South African anti-apartheid activist (1931–1990)

Jafta Kgalabi Masemola OLS (12 December 1931 – 17 April 1990), also known as The Tiger of Azania and Bra Jeff, was a South African anti-apartheid activist, teacher, and founder of the armed wing of the Pan Africanist Congress (PAC). He is the only person to spend 27 years in South African prison [Robben Island] during the apartheid era in South Africa, and was released in October 1989, shortly before the legalization of the PAC and the African National Congress) by F. W. de Klerk.
Masemola served the longest sentence of any political prisoner in Robben Island prison in South Africa.

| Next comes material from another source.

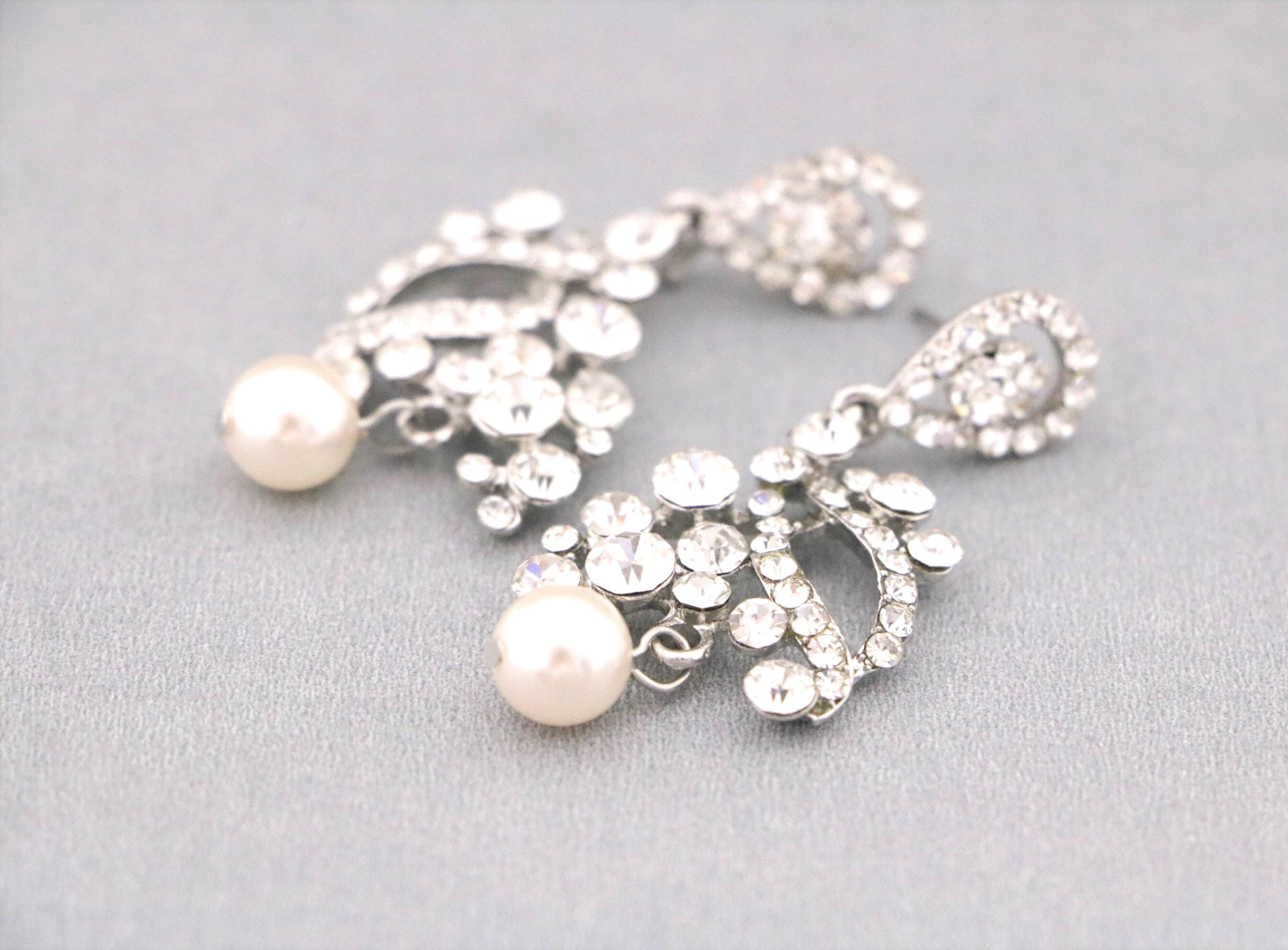 This vintage inspired stunning Pearl and Rhinestone earring is beautiful addition to your wedding day.
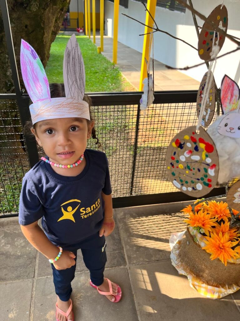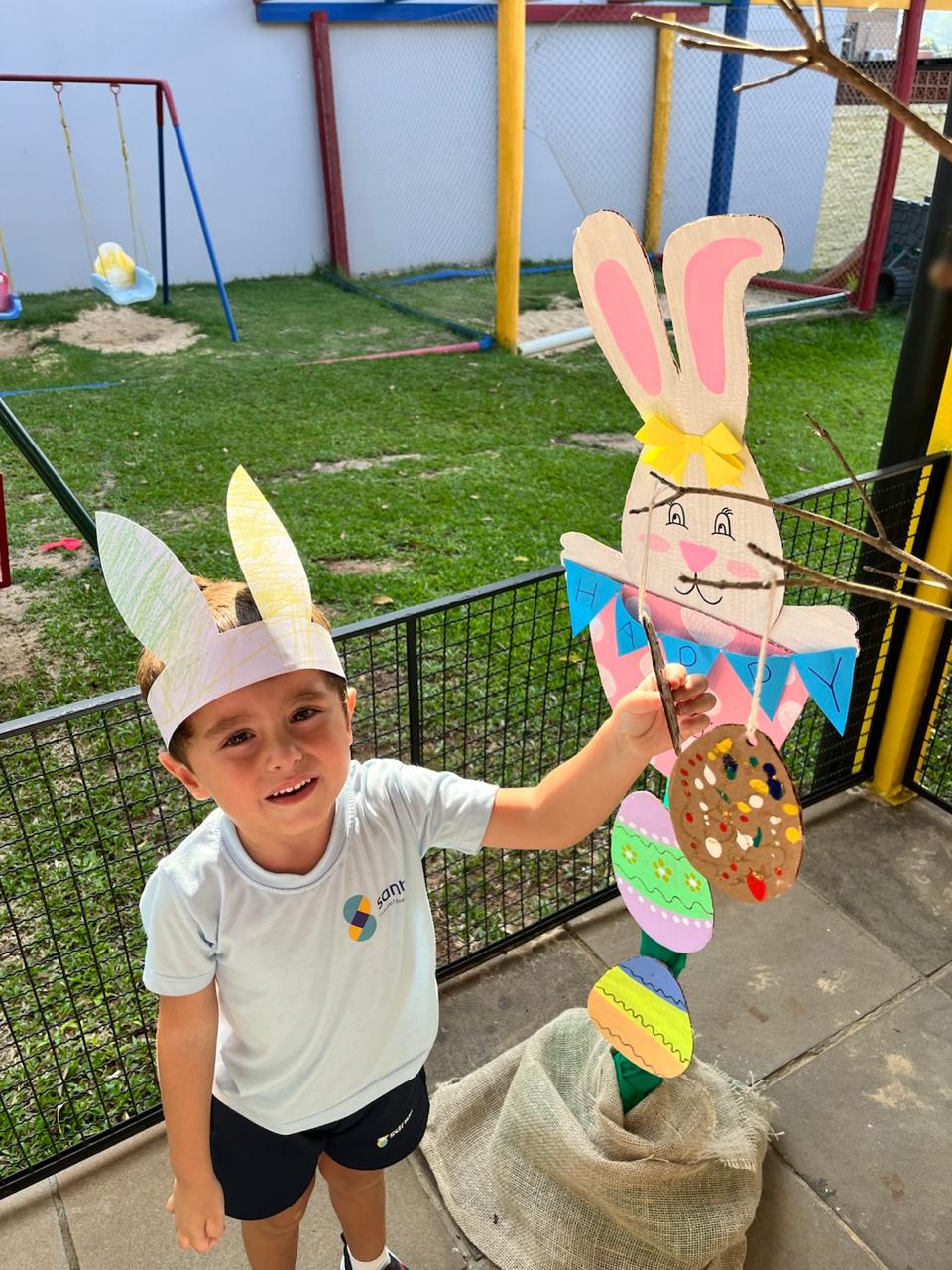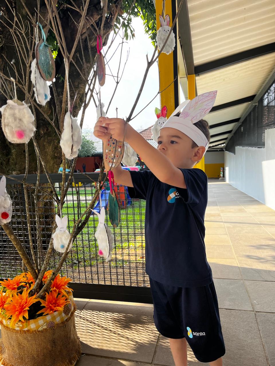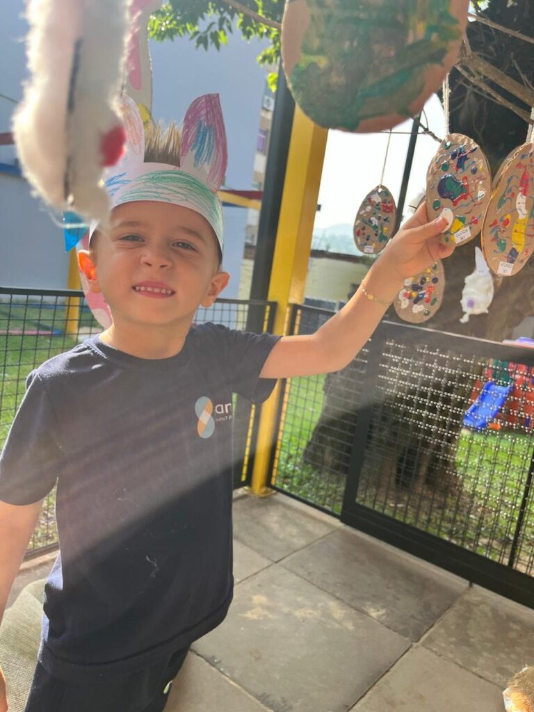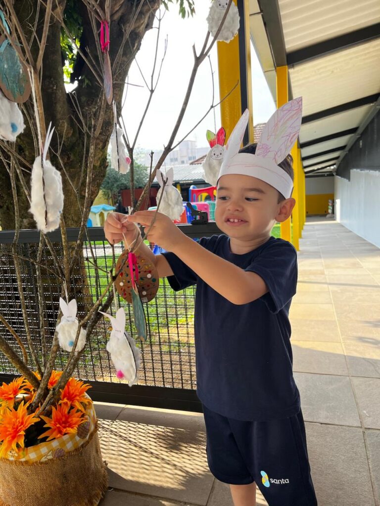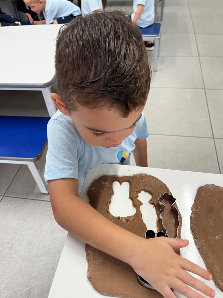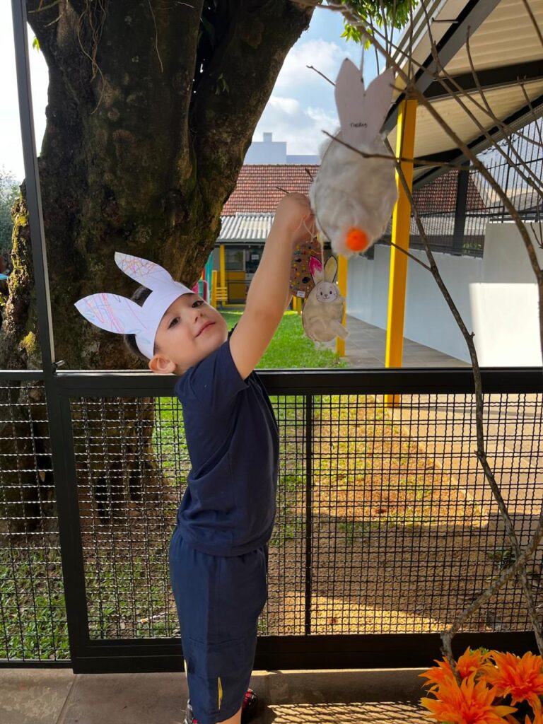 Fomos ajudantes do coelho, preparamos deliciosas bolachas e, ele nos devolveu todas lindas e coloridas. Também enfeitamos a escola com muito carinho para esperar a sua chegada. 🐰✨

Masemola was a teacher in Atteridgeville township in Pretoria in the 1950s.

Together with Robert Sobukwe, Masemola co-founded the PAC in 1959 in Soweto. Subsequently, he worked for the PAC's youth organization in Atteridgeville and then headed the PAC's military wing, Poqo.

In 1962, Masemola was arrested and convicted on the charge of smuggling individuals out of the country for military training and blowing up power lines. He was imprisoned at Robben Island.

He was released from the prison on 15 October 1989, together with ANC members Ahmed Kathrada, Raymond Mhlaba, Wilton Mkwayi, Andrew Mlangeni, Oscar Mpetha, Elias Motsoaledi and Walter Sisulu.

Masemola was killed in a car accident shortly after his release in 1990.